Statement from Alliance for Housing Justice on HUD’s publication of a final rule on the Disparate Impact standard
For more information contact: Liz Ryan Murray, LRyanMurray@PublicAdvocates.org
The Trump Administration continued its assault on the landmark Fair Housing Act and the people it protects, attacking People of Color and the very bedrock of our fair housing system. If put into practice, the final rule on the disparate impact standard will make it nearly impossible to hold banks, landlords, and insurers accountable for actions that discriminate against and disproportionately harm People of Color, women, the differently-abled, families with children, and other marginalized communities.
The Disparate Impact Standard has been one of the most effective tools for advocates, individuals, and communities to stop practices that may appear neutral on their face, but that inflicted outsized harm to people already struggling in our structurally unequal system. For example, the predominantly white St. Bernard Parish in Louisiana passed an ordinance in the wake of Hurricane Katrina that would only allow rentals to ‘blood relatives’ of existing Parish residents. That law was struck down as a violation of the Fair Housing Act and was cited at the Supreme Court as an example of how the Disparate Impact standard should be applied.
There are a few key ways in which the rule would make it nearly impossible for victims of discrimination to bring successful disparate impact claims. First, the rule turns upside down the long-standing practice of having the defendant prove that a potentially discriminatory policy or practice is legally justified. This rule would flip that on its head and demand that victims of discrimination rebut every conceivable justification at the outset of a case. Second, the rule would allow defendants to reject a less discriminatory alternative policy if that alternative policy added even a small amount of cost. Meaning, even a marginal lowering of profit would be enough to outweigh civil rights. Third, the rule creates a vague, ambiguous exemption for predictive models that appears to confuse the concepts of disparate impact and intentional discrimination. This will create chaos and may result in the effective elimination of disparate impact in broad swaths of the economy and housing market.
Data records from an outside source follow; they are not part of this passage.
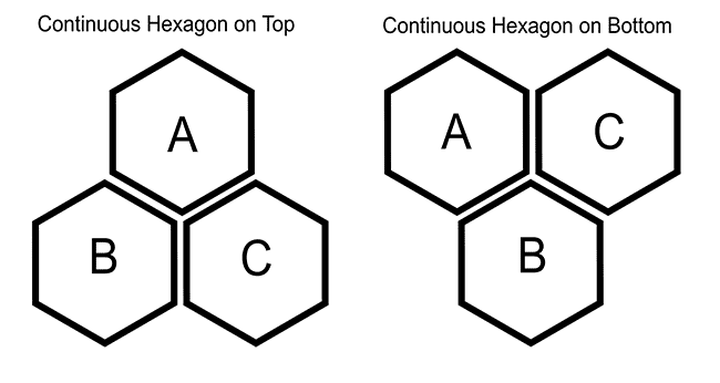 Step 6: The next purl bumps on the hexagons should be the ktbls at each corner. If the continuous hexagon is on top, work as follows: pass the yarn through the bumps on B and A, working from bottom to top; pass the yarn through the bumps on B and C, working from right to left; pass the yarn through A and B, working from top to bottom; and finally pass the yarn through C and A, working from bottom to top. If the continuous hexagon is on the bottom, work as follows: pass the yarn through the bumps on B and A, working from bottom to top; pass the yarn through the bumps on B and C, working from right to left; then pass the yarn through the bumps on C and A, working from right to left; and finally pass the yarn through the bumps on B and A, working from bottom to top. The yarn should now be ready to work the next seam segment in the strip.
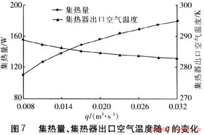 保持其他參數(shù)不變,集熱量、集熱器出口空氣溫度隨q的變化見(jiàn)圖7。由圖7可知,隨著q的增大,集熱器出口空氣溫度降低,這是由于q的增大易導(dǎo)致空氣穿過(guò)吸熱板的時(shí)間和在集熱器內(nèi)部流動(dòng)的時(shí)間縮短,影響了換熱效果。然而,集熱量一方面取決于集熱器出口空氣溫度與環(huán)境溫度之差,另一方面取決于q。由圖7可知,當(dāng)q增大時(shí),集熱器出口空氣溫度降低幅度較小,此時(shí)q成為影響集熱量的決定因素。因此隨q的增大,集熱量逐漸升高。但在集熱器出口空氣溫度逐漸減小的影響下,集熱量的增長(zhǎng)速率是逐漸減緩的。
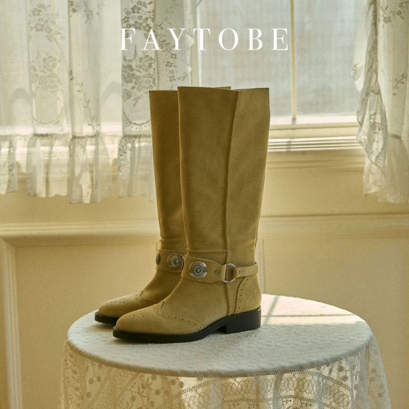faytobe“索玛”堆堆靴秋百搭牛皮西部靴
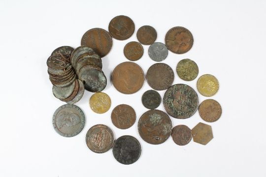 A Quantity of Antique Coins and Tokens, including a J.M Leigh Sydney Tobacconist, J Lackington Booksellers 1794, TM Smith St James Tavern, Wilsons Norwich 1839, antique hammered half penny and shilling and a bunch of Cofley tokens.

We are in the midst of a national movement in which people across the country are voicing a renewed rejection of our racially unjust systems. We are calling for the dismantling of oppressive housing, policing, employment, and education systems that perpetuate segregation. The Trump Administration’s response is to throw fuel on the fires of division, discrimination, segregation, and hatred. At a moment where millions of vulnerable people are at imminent risk of being evicted and foreclosed on, Ben Carson and Donald Trump’s attention is focused on furthering the race, class divide.
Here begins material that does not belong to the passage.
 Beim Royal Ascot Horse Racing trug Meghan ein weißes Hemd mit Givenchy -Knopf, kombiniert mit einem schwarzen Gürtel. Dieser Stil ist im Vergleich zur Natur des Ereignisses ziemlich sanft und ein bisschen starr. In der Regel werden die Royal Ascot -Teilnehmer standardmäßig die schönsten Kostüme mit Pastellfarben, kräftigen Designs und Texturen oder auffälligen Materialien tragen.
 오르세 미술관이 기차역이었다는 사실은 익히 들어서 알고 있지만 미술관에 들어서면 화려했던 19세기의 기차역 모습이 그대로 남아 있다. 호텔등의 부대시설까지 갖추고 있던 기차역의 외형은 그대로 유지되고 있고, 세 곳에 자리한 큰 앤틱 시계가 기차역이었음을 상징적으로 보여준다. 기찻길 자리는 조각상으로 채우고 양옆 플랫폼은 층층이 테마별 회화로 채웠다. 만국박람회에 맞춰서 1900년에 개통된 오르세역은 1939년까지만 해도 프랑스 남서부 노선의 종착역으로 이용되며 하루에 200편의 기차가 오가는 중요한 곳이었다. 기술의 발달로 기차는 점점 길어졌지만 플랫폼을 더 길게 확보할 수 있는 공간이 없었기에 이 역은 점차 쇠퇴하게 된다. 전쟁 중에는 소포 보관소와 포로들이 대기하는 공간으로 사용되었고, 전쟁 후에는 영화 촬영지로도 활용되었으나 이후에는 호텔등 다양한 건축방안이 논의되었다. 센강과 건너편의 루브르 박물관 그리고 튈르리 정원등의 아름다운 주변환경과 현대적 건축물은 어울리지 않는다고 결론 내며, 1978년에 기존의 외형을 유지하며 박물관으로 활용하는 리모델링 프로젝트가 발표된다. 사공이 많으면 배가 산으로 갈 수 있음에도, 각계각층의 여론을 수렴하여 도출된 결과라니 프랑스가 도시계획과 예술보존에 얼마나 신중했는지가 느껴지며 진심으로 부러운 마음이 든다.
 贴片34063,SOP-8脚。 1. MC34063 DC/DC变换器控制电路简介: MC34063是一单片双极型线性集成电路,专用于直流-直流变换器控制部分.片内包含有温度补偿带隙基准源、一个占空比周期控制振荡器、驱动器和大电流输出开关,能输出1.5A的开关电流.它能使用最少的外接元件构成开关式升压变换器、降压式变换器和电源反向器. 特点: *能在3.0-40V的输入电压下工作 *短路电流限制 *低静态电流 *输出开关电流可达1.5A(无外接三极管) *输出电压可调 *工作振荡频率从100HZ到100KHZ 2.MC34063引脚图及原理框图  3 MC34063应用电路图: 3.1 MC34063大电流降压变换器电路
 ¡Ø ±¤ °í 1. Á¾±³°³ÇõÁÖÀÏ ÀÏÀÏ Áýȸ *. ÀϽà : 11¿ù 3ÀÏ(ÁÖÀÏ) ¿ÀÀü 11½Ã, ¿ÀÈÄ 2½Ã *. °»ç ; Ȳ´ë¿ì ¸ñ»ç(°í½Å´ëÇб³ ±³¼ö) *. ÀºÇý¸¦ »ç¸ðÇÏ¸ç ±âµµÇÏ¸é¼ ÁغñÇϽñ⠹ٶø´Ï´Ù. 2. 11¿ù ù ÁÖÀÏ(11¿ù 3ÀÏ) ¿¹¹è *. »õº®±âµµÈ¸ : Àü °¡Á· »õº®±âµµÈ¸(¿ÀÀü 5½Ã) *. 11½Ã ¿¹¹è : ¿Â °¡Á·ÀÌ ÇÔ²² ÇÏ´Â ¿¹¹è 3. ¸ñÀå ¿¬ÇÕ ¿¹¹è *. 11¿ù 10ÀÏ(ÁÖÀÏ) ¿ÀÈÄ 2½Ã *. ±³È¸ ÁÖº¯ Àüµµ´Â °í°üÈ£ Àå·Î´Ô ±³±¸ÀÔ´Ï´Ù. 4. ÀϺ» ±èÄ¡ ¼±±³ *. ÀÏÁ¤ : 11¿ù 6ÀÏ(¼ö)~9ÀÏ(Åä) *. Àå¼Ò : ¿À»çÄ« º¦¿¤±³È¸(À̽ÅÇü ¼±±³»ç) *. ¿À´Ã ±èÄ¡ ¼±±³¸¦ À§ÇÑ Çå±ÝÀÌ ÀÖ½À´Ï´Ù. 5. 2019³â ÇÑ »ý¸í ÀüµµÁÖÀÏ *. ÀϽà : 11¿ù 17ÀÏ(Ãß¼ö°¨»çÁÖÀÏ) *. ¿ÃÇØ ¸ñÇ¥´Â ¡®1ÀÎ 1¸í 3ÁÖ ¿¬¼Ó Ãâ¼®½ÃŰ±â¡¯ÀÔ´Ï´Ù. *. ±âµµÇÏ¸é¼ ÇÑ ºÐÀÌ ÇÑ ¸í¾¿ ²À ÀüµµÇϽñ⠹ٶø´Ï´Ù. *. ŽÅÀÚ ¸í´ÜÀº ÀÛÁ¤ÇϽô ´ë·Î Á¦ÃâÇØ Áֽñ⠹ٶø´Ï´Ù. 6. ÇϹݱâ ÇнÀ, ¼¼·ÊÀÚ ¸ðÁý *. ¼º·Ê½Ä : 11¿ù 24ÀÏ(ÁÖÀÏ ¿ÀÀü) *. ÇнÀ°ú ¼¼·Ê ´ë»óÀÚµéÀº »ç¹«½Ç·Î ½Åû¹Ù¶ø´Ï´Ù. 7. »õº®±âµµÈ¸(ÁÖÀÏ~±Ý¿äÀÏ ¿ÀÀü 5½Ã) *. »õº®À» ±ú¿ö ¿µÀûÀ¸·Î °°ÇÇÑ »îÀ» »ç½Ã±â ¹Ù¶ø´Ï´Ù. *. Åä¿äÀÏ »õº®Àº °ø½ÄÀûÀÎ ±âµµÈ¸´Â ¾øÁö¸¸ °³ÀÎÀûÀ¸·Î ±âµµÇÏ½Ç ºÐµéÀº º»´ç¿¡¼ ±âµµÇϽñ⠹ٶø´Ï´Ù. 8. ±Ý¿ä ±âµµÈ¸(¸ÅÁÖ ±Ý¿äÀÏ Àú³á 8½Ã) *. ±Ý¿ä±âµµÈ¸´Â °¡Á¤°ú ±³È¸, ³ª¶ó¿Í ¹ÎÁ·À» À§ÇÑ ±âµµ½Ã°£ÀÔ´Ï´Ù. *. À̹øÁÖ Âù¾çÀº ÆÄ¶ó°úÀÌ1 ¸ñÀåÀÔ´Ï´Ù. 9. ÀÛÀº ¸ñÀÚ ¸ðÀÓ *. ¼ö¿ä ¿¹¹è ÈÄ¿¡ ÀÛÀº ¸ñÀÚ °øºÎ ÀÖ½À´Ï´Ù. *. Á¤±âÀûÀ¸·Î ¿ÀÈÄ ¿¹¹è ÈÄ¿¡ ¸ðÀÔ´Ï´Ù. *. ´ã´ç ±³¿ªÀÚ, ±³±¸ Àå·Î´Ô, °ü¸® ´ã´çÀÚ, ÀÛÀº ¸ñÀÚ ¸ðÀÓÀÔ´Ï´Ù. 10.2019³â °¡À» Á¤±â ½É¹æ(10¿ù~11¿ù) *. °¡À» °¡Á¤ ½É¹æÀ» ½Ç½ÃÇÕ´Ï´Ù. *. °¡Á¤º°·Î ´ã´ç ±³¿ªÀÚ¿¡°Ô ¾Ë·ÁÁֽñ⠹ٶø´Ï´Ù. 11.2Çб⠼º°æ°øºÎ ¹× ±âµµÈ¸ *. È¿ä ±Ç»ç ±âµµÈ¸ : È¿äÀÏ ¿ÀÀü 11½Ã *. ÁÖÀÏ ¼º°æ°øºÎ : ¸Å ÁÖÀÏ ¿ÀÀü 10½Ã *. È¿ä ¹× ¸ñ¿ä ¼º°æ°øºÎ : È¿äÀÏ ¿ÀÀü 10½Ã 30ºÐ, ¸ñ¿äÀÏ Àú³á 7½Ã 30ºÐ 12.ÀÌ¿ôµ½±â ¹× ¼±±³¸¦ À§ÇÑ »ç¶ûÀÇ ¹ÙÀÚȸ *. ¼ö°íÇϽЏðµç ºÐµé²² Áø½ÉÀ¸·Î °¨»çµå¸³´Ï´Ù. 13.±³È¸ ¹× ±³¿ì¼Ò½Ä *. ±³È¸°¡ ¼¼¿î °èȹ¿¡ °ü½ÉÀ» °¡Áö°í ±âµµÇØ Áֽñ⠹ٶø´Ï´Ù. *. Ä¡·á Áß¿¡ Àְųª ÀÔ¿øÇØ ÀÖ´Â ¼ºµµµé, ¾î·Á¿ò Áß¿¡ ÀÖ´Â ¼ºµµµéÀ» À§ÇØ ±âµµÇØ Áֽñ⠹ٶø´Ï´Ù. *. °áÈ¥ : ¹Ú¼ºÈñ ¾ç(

Our current system of housing is broken, and we cannot lose sight of solutions that will ensure secure, affordable, community-controlled, and dignified housing for all. We need our policy leaders to listen to the voices of those experiencing the crisis and act by canceling rent, mortgages, and utility payments, while extending existing eviction moratoriums well beyond the COVID-19 crisis. We do not need them to spend their time deepening structural inequities.
We call on Congress to reject this final rule, pass meaningful relief for tenants and mortgage holders, and to compel Secretary Carson to do his job of safely and affordably housing our nation.
The Alliance for Housing Justice is a coalition of organizations, including: Right to the City Alliance, PolicyLink, Lawyers Committee for Civil Rights Under Law, Poverty & Race Research Action Council, and Public Advocates — seeking to align ourselves as legal, advocacy, organizing and policy groups to advance housing justice.